Your objective = Every line from the one holding "阳台和卧室打通,黑色帘子做软" through the one holding "2016-2017年中國(guó)MPV銷(xiāo)量及同比走勢(shì)" in the data below must be returned exactly, both ends included, with pictures left out and nothing else added.

Excerpts from a dataset =
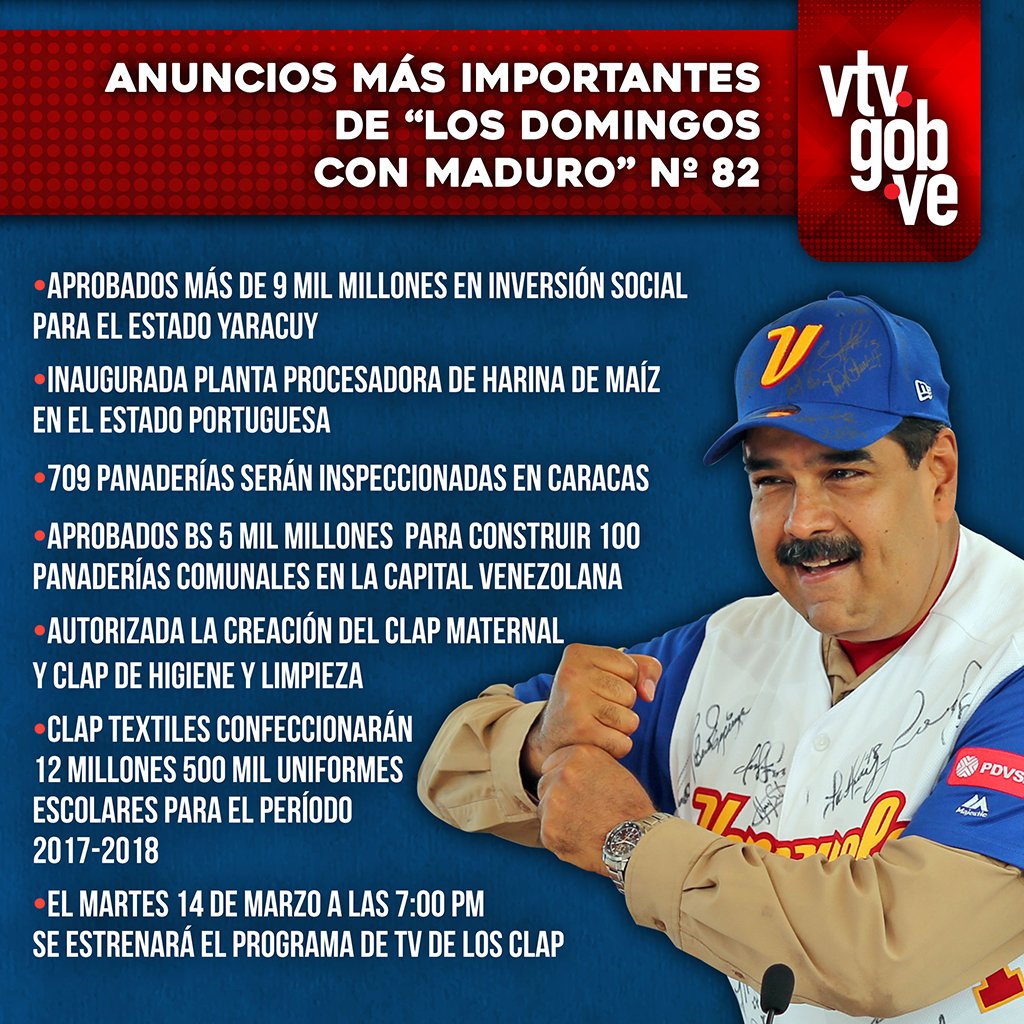 Anuncio presidencial Clap de higiene y limpieza Clap maternal Inspección de panaderías Noticias Panaderías comunales Programa de tv de los clap Programa los domingos con maduro Conoce en esta infografía los anuncios del programa #LosDomingosConMaduro82 marzo 12, 2017 0 Fuente: @VTVcanal8 Entradas que pueden interesarte Entradas más recientes Entradas antiguas Sin comentarios
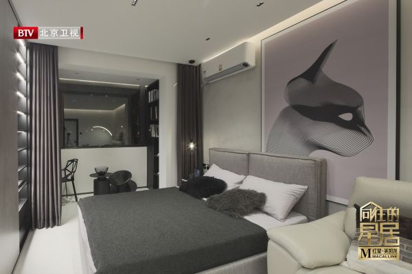 阳台和卧室打通,黑色帘子做软隔,将睡眠区空间一分为二,整个卧室营造出让人安静且舒适的氛围。
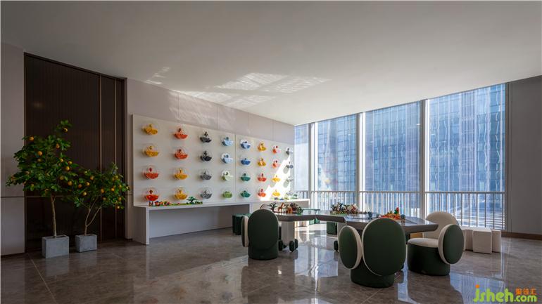 儿童区明朗的色彩勾勒出卡通化的语素,几何座椅、五彩乐高,西安签约中心设计实现艺术与趣味的融合,营造出一个梦想天地。
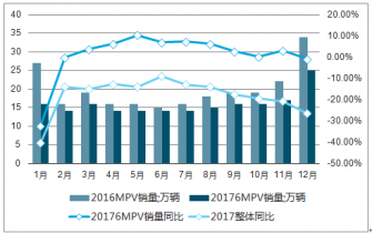 2016-2017年中國(guó)MPV銷(xiāo)量及同比走勢(shì)
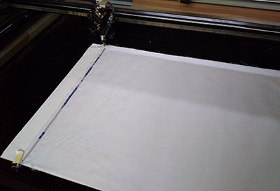 after doing this test i noticed cutting cloth on laser produces very bad smell and it may be harmful to you on inhaling so i am writing some measure you need take while doing this process on basis of my experience

Solved exercise =
 阳台和卧室打通,黑色帘子做软隔,将睡眠区空间一分为二,整个卧室营造出让人安静且舒适的氛围。
 儿童区明朗的色彩勾勒出卡通化的语素,几何座椅、五彩乐高,西安签约中心设计实现艺术与趣味的融合,营造出一个梦想天地。
 2016-2017年中國(guó)MPV銷(xiāo)量及同比走勢(shì)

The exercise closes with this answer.